Messy Cities is a lovely collection of essays that hammers home the perspective of "messiness". As an aspiring urbanist myself, I think it can be easy to fall into the trap of master planning but in the way "it should be done correctly". I also think that North American urbanism can (pretty fairly I'll admit) focus a-lot on the experience, decay, and regeneration of the traditional downtown core, and how to connect the and "repair" the vast suburban swaths surrounding our cities.
Messy Cities does not provide an explicit thesis, nor a set of policy items to brought into legislature. To make that statement would contravene the theme of the book, messiness. It sheds light on perspectives I think we can be blind too in our crusade to make things better. Are pedestrianized streets that leave *some* access to vehicles really safe for the blind? Should we, when looking at the zoning regulations, also tackle the bylaws that demand leaves be raked?

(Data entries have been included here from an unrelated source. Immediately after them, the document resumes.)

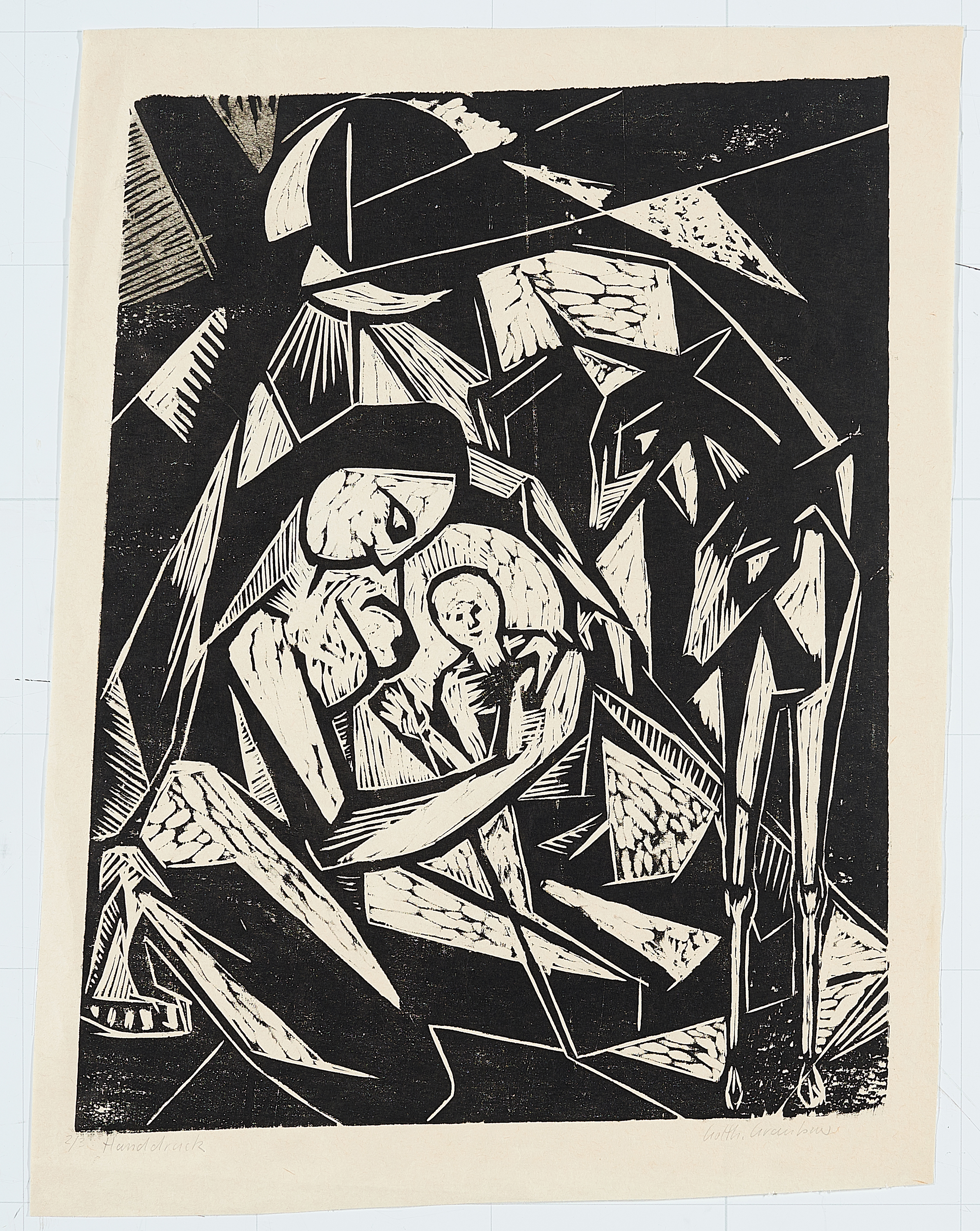 Blatt unregelmäßig beschnitten (werkimmanent?). Eine minimale Falzspur entlang der unteren Kante. Verso Reste alter Montierung. Ansonsten ist das Werk in einem sehr guten Zustand.
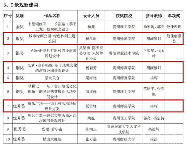 本网讯 近日,由贵州省装饰行业协会、贵州省美术家协会设计艺术委员会主办的“2021年贵州金树奖——第二届环境设计专业设计大赛”落下帷幕。此次大赛分为室内居住、室内商业、景观新建、景观改造、命题设计共五个比赛组别。全省高校学生组共164件作品参评,通过组委会的收录、审核、分类和专家评审委员会评审,最终选出获奖作品。YABO鸭脖学生在本次大赛中喜获佳绩,斩获银奖(最佳创意)1项、铜奖3项、优秀奖2项的好成绩。YABO鸭脖荣获大赛最佳组织奖。
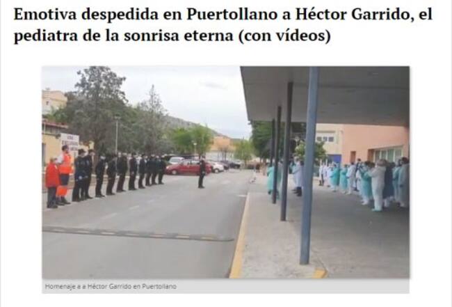 El periódico 'La Comarca de Puerto Llano' tituló la noticia: "Emotiva despedida en Puerto Llano a Héctor Garrido, el pediatra de la sonrisa eterna". El portal agregó videos que muestran el homenaje tributado al santandereano por la Policía; el Cuerpo de Bomberos y sus compañeros del hospital Santa Bárbara.

Are those banquet halls and conventention centres in the "pearson airport business-park hell" (my words, not the books) more worthy of adoration than initially thought? Are those industrial business sights, car dependent, and far away, more vital for industrial innovation than "Brampton Innovation District"?

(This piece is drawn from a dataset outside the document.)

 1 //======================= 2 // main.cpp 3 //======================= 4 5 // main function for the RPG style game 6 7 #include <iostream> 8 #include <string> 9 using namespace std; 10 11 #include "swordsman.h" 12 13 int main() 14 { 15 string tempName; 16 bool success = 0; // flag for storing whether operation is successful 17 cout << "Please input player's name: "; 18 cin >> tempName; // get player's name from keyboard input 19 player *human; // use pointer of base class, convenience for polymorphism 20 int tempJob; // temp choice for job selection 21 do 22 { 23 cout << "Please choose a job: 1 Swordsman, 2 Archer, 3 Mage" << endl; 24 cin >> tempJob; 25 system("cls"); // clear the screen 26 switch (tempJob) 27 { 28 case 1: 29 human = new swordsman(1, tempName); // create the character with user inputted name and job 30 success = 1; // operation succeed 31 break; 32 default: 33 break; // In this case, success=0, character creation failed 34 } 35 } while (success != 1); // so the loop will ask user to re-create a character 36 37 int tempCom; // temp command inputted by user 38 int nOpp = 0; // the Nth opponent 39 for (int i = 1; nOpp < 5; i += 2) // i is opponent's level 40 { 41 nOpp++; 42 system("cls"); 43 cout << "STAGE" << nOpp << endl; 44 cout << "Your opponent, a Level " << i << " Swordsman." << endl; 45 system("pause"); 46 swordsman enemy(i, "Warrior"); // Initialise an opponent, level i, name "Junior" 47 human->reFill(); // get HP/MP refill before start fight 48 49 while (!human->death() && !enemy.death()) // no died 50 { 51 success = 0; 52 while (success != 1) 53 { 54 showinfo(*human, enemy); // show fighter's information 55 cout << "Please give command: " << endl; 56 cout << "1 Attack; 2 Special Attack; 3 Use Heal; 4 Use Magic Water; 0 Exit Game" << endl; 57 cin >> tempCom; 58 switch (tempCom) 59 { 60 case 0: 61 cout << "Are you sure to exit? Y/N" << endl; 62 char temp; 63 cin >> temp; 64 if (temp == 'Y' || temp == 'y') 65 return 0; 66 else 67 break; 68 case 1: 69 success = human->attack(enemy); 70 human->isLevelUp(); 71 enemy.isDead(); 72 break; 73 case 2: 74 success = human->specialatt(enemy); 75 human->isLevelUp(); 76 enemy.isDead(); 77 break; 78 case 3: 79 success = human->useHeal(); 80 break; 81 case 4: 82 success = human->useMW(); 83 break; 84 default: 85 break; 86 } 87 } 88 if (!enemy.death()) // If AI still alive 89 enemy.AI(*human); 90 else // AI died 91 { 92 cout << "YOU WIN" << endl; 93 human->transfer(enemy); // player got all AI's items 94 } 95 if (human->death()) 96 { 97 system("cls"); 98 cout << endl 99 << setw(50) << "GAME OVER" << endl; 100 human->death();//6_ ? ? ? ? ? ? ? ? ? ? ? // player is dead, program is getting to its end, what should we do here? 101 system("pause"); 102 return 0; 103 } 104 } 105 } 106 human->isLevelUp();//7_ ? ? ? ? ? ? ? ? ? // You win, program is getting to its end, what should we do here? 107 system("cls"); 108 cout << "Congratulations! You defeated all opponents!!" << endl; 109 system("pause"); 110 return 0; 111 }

The essays written give me pause, and open perspective on what city living is really like, millions of separate lives, brought together in space, and experiencing many different stories, such a thing must inherently be messy. But if the city is inherently messy, then trying to destroy messiness (as many bylaws, council decisions, and legislation attempt) is trying to destroy the city itself, no?
To those who want to expand your knowledge of the many different types of urban experience (both Toronto and worldwide, though especially in Toronto) I recommend this book.